CHOLECYSTOKININ--ROLE IN POSTPRANDIAL GASTRIC MOTILITY

胆囊收缩素——在餐后胃动力中的作用

• 批准号: 2141570
• 负责人: Helen E Raybould
• 金额: $ 16.14万
• 依托单位: UNIVERSITY OF CALIFORNIA LOS ANGELES
• 依托单位国家: 美国
• 财政年份: 1989
• 资助国家: 美国
• 起止时间: 1989-08-01 至 1999-08-31
• 项目状态: 已结题
• 来源: https://reporter.nih.gov/project-details/2141570
• 关键词: afferent nerve; biological models; biological signal transduction; brain stem; cholecystokinin; denervation; dietary carbohydrates; dietary lipid; electrophysiology; gastrointestinal epithelium; gastrointestinal motility /pressure; gastrointestinal nutrient absorption; glucose transporter; hormone receptor; hormone regulation /control mechanism; laboratory rat; membrane transport proteins; mucosa; neurons; nutrition related tag; receptor expression; sensory feedback; sodium; spinal reflex; vagus nerve

The ability of nutrients in the intestinal lumen to exert negative feedback control over proximal gastrointestinal function is well recognized, yet the control mechanisms are poorly defined. Extrinsic sensory pathways from the intestine and CCK are required for this regulatory process. The interaction between CCK and activation of intestinal sensory neurons is the focus of this proposal, which addresses the fundamental mechanism by which lumenal events are signalled to extrinsic sensory nerves. The hypothesis to be tested is that nutrients in the intestinal lumen stimulate from endocrine cells release of CCK that acts locally to stimulate intestinal sensory terminals resulting in reflex changes in gastric function. To test this hypothesis, studies with the following specific aims are proposed: (1) to determine that increased discharge in afferents in response to intestinal nutrients is dependent on CCK A receptor activation; (2) to determine that the functional response (inhibition of gastric motor function) to intestinal nutrients is dependent on a post-absorptive signal; and (3) to determine that activation of sensory pathways by intestinal nutrients alters gastric function via vagal and spinal reflex pathways. A combined experimental approach using electrophysiological recording of vagal afferent fiber discharge, in vivo physiology and functional anatomy of reflex pathways using Fos protein immunoreactivity as a marker for cell activation will be used to address these specific aims. The proposal is focused on determining a fundamental mechanism by which changes in lumenal content are signalled to afferent terminals located in the mucosal epithelium. This process is important in the regulation of normal digestive function. In addition, these mechanism may be disturbed in clinical condiitons were feedback from the intestine may be altered such as following abdominal surgery, alterations in feeding behaviors, such as obesity, anorexia and bulimia, and in functional bowel disease.
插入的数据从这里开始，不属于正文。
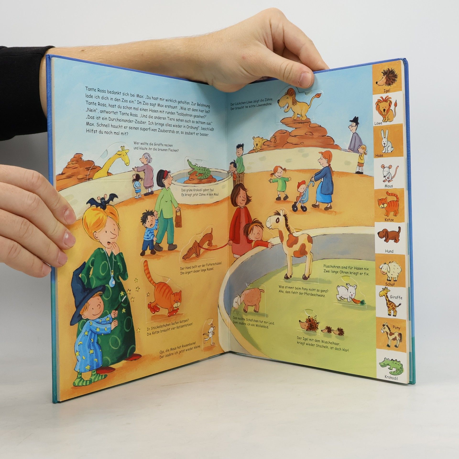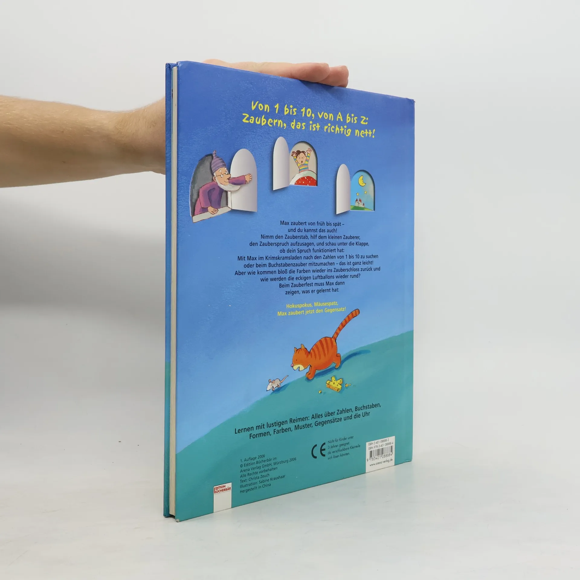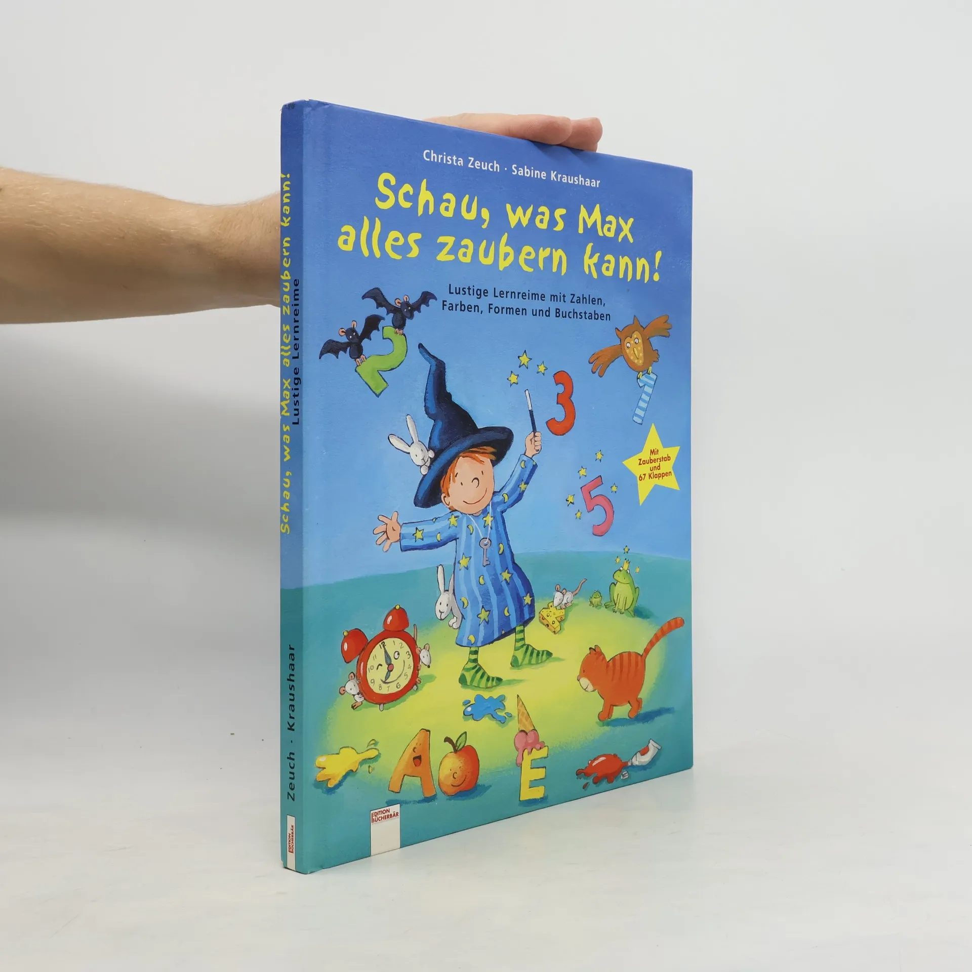 So macht erstes Lernen Spaß: Gemeinsam mit dem kleinen Zauberer Max können Kindergartenkinder die lustigen Zauberreime aufsagen, mit ihrem Zauberstab auf die Klappen tippen, öffnen und nachschauen, ob sie richtig gezaubert haben. Denn auf und unter den Klappen finden sich Farben, Formen, Muster, Zahlen, Buchstaben, Uhrzeiten, Tiere und die Gegensätze. Beim gemeinsamen Betrachten der Seiten und beim spielerischen Auf- und Zuklappen lernen die Kinder alles, was sie über diese wichtigen Themen wissen müssen. Ist das nicht zauberhaft? Neue EU-Spielzeugrichtlinie: Achtung. Verschluckbare Kleinteile können sich lösen.

肠腔中营养物质发挥负的能力 对近端胃肠道功能的反馈控制很好 公认的，但是控制机制的定义很差。 外在 为此，需要从肠子和CCK的感觉途径 监管过程。 CCK与激活之间的相互作用 肠道感官神经元是该提案的重点，该提议解决了 发出信号事件的基本机制 外部感觉神经。 要检验的假设是 肠腔从内分泌细胞释放CCK的肠腔刺激 在本地作用以刺激肠道感觉终端，导致反射 胃功能的变化。 为了检验这一假设，研究了 提出了以下特定目标：（1）确定增加 响应肠道营养素的传入剂的排放取决于 CCK A受体激活； （2）确定功能响应 （抑制胃运动功能）对肠道营养素取决于 在吸收后信号上； （3）确定激活 肠道营养物质的感觉途径通过迷走神经胃功能改变 和脊柱反射途径。 使用的合并实验方法 迷走神经传入纤维排放的电生理记录，体内 使用FOS蛋白的反射途径的生理和功能解剖结构 免疫反应性作为细胞激活的标记物将用于解决 这些具体目标。 该提案的重点是确定基本 腔内含量变化的机制发出信号为传入 末端位于粘膜上皮。 这个过程很重要 正常消化功能的调节。 另外，这些机制 可能会在临床孔室中受到干扰 可能会改变，例如进行腹部手术，进食改变 行为，例如肥胖，厌食和贪食症，以及在功能性肠中 疾病。